Red-coated huntsmen drive and cast the dogs into promising spots with whoops and short blasts from a small fox horn. The riders of the Red Mountain Hounds fox hunting club are repeating a scene that is centuries old, brought over from England by early colonists.
After the hounds have searched for hours, their voices change pitch deep into a patch of low woods. Excitement builds with the baying of the dogs. The hunt is on.
Whoops echo across the fields and hooves thunder, first in one direction, then another. Dust rises in the dry fields. Horses lather in the heat.

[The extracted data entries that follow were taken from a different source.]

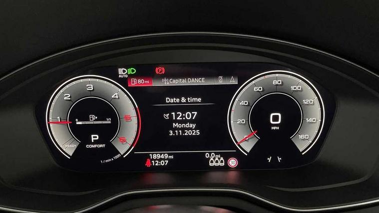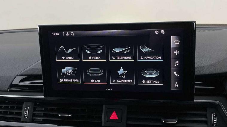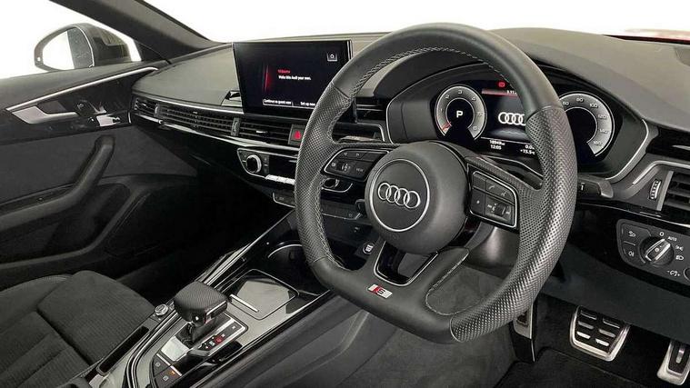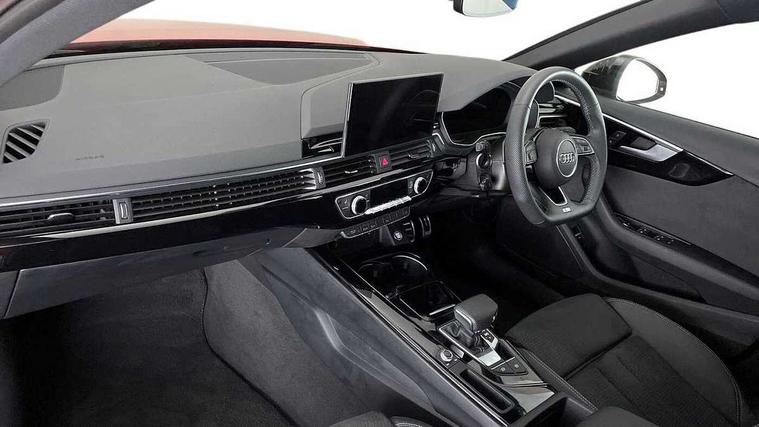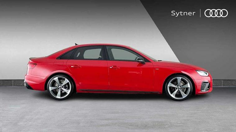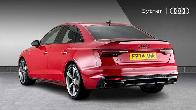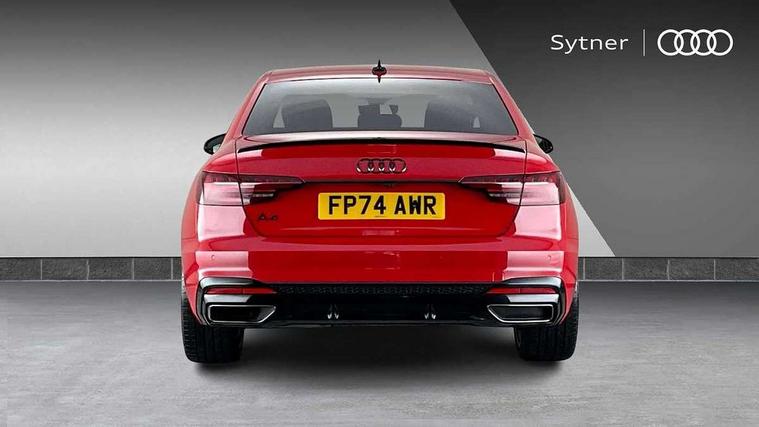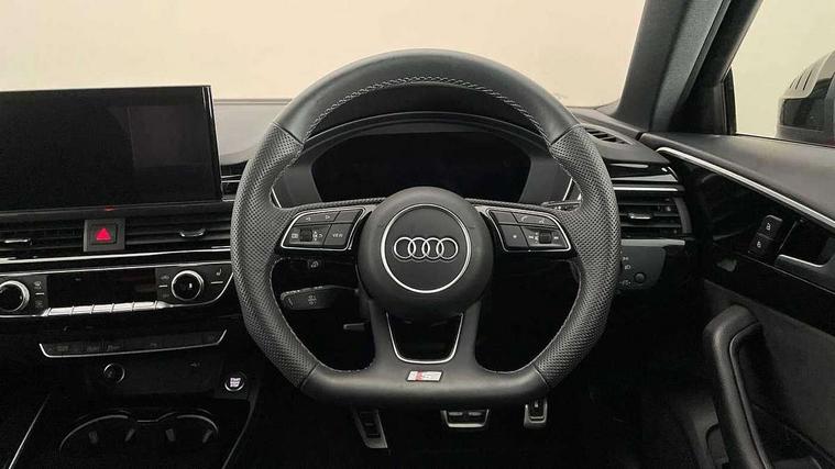 Audi connect safety and service (e-call), Audi drive select, Audi smartphone interface, Audi virtual cockpit, Automatic start-stop system with coasting functionality and efficiency programme, Bluetooth interface, Camera based traffic sign recognition, Electric boot lid release, Electromechanical power steering, Email, calendar and text messages displayed via MMI, Front and rear parking sensors, Lane departure warning, MMI Navigation plus with MMI touch includes 10.1" high resolution colour MMI display, 3D map, Rear view camera, Voice control system, Sports suspension lowered by 23mm, 2 USB charging ports, 8 passive loudspeakers, DAB digital radio reception, Audi beam uses LEDs to project the audi logo onto the ground as you exit your A4, Auto dimming rear view mirror, Black Audi rings and black badging (with removed engine badging), Body colour door handles, Body colour front spoiler lip, Body colour side sill trim, Electric adjustable/heated/folding door mirrors with auto dimming, Exhaust tailpipes in dark chrome, Grained matt black side air inlets with matt aluminium silver inlay, High beam assistant, High gloss black B pillar trims and triangular rear door trim, LED headlights with LED rear lights + dynamic rear indicators + headlight adjustment and high beam, turning light + LED daytime running lights, LED third brake light, Privacy glass, Rain and light sensors, Rear boot, Rear diffuser in matt black with trim strip in matt aluminium silver, Rear side wing doors, Sport front and rear bumpers with side skirts, Variable intermittent front wash/wipe, Windscreen with acoustic glazing, 4 way electric lumbar support for driver and front passenger, 40/20/40 split folding 3 rear seat bench in 3 parts with rear centre armrest, Black carpets, Black cloth headlining, Black perforated leather gearknob, Contrast stitching on seats, steering wheel and gear lever gaiter, Deluxe 3 zone electronic climate control, Front and rear head restraints, Front centre armrest, Heated front seats, Illuminated door sill trims with S logo, ISOFIX child seat mounting and top tether, Manual seat adjustment, Single front passenger seat, Stainless steel pedals and foot rest, Black styling pack - A4 Saloon, LED Interior light pack - A4/S4, 3 rear seatbelts, 6 airbags - Driver, front passenger, curtain and side windows, Attention and drowsiness assist, Electronic Stabilisation Control (ESC) including ABS, ASR and EDL, Hill hold assist, Multi collision brake assist, Pop-up bonnet for pedestrian protection, Pre sense city, Rear door child safety locks, Seatbelt monitoring, Warning triangle and first aid kit, Anti theft alarm, Anti theft wheel bolts, Central locking, Keyless Go, Piano black finish inlay, Tool kit, Tyre repair kit,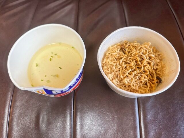 そしてお湯を麺が入ったカップに入れますが、目安の線がありません。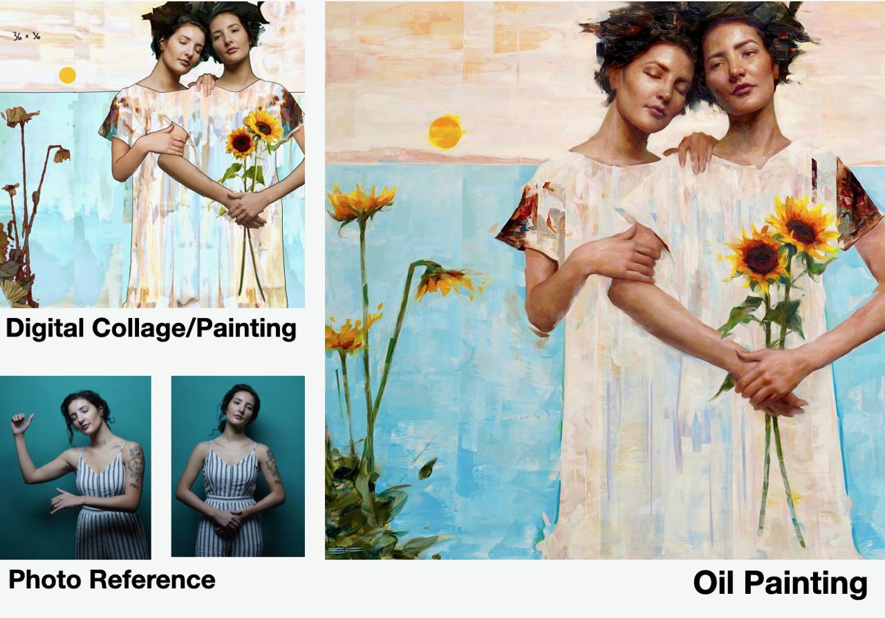 Throughout the course, each student will work on a larger, ambitious painting that centers on a portrait story. You'll choose from several compositional frameworks— and pick the one that suits your taste, as well as vote on the one that we all paint from. The painting will be done with an all prima technique that focuses on Sargent’s way of blocking in the portrait and then deal with each separate section as an exploration into different parts that make the story.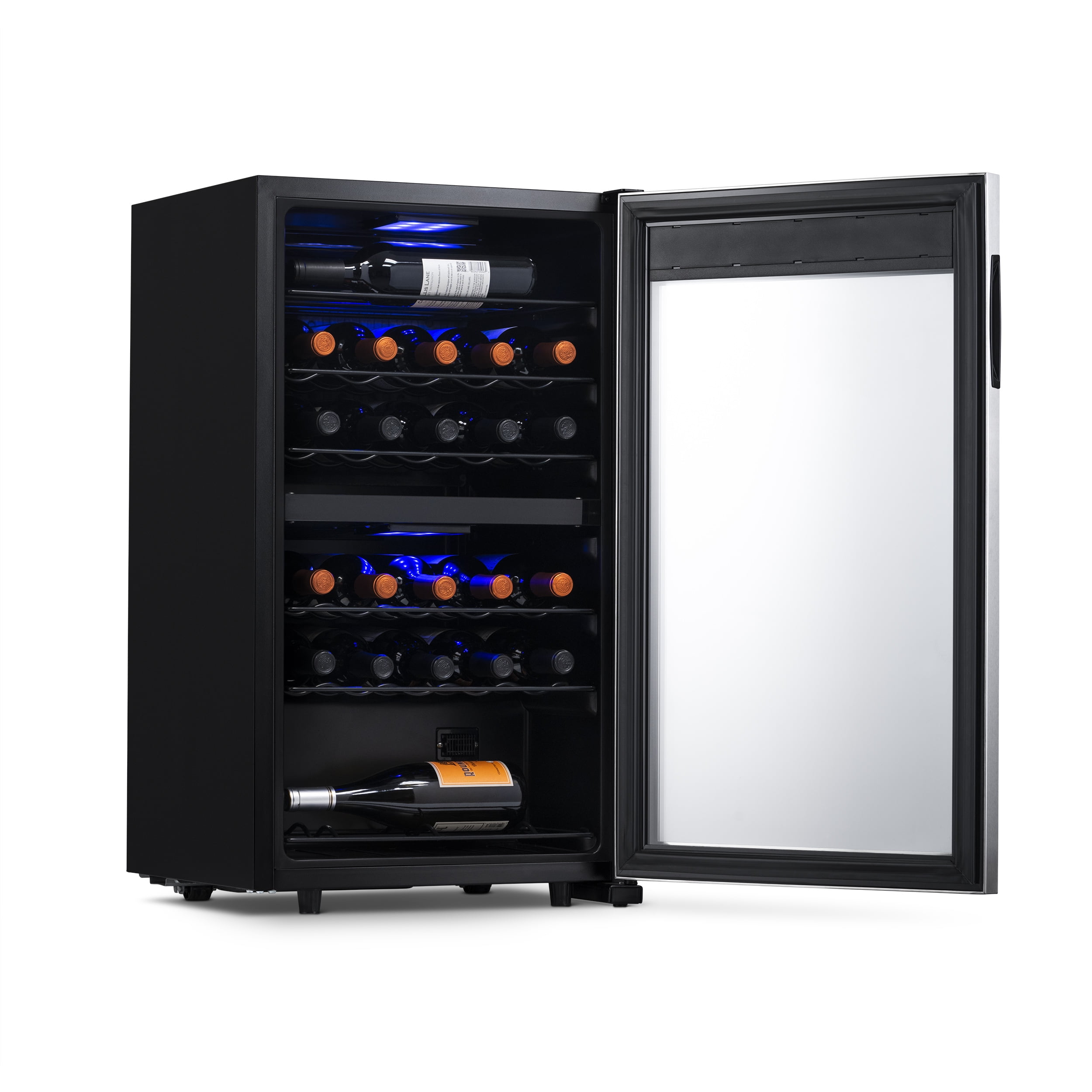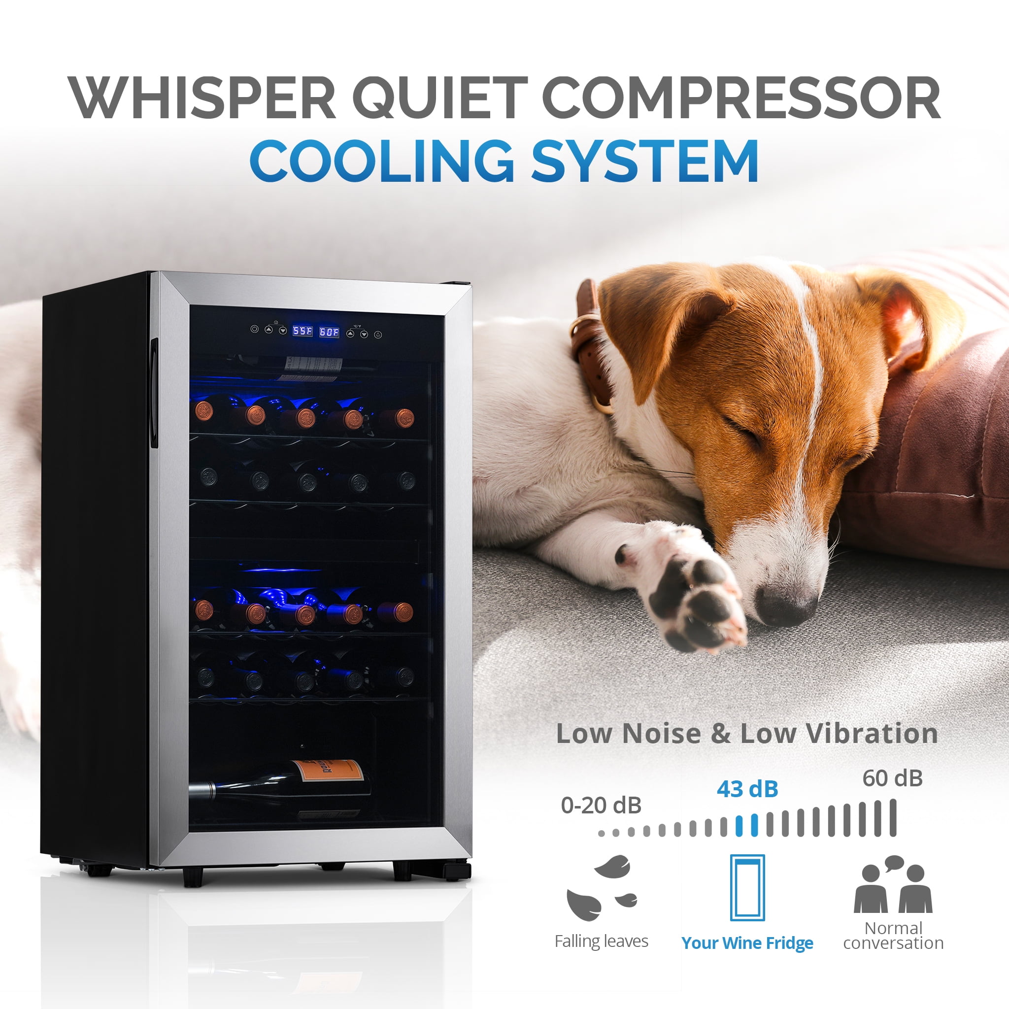 Perfect wine every time with compressor cooling Preserve your entire collection in one placewithdual zone temperature control Protect bottles from harmful UV lighting with double pane insulating glass Adjust temperatures with easy touch digital display Illuminate labels and safeguard flavors with soft LED lighting Accommodate any size bottle with removeable and adjustable shelves Sip on your collection in any room with the freestanding design

Then, after only several minutes of hard pursuit, the scent is lost to the dry breeze and drier leaves.
The reality of fox hunting today is that both good land and foxes are harder to find. Strip malls and subdivisions have taken the place of many farms. No land and no foxes mean no fox hunting, so clubs such as the Red Mountain Hounds take great pride in their stewardship of the land on which they hunt, and in the preservation and health of the very animals they chase. A fast-paced ride with a fox escaping up a tree, down a hole or deep into a briar patch is still a good hunt.
This hunt was one of those days, with the fox jogging across a pasture, under a fence and into the freedom of a patch of woods. Hot riders and horses follow the dogs back to Magnolia Manor, a stately 1800s plantation house-turned-B&B.
Horses are unsaddled and brushed down. Dogs are counted and recounted as stragglers make their way back. Riders celebrate the adventure of the chase. A wily fox catches his breath and makes his way back to his den, no doubt with his own story to tell.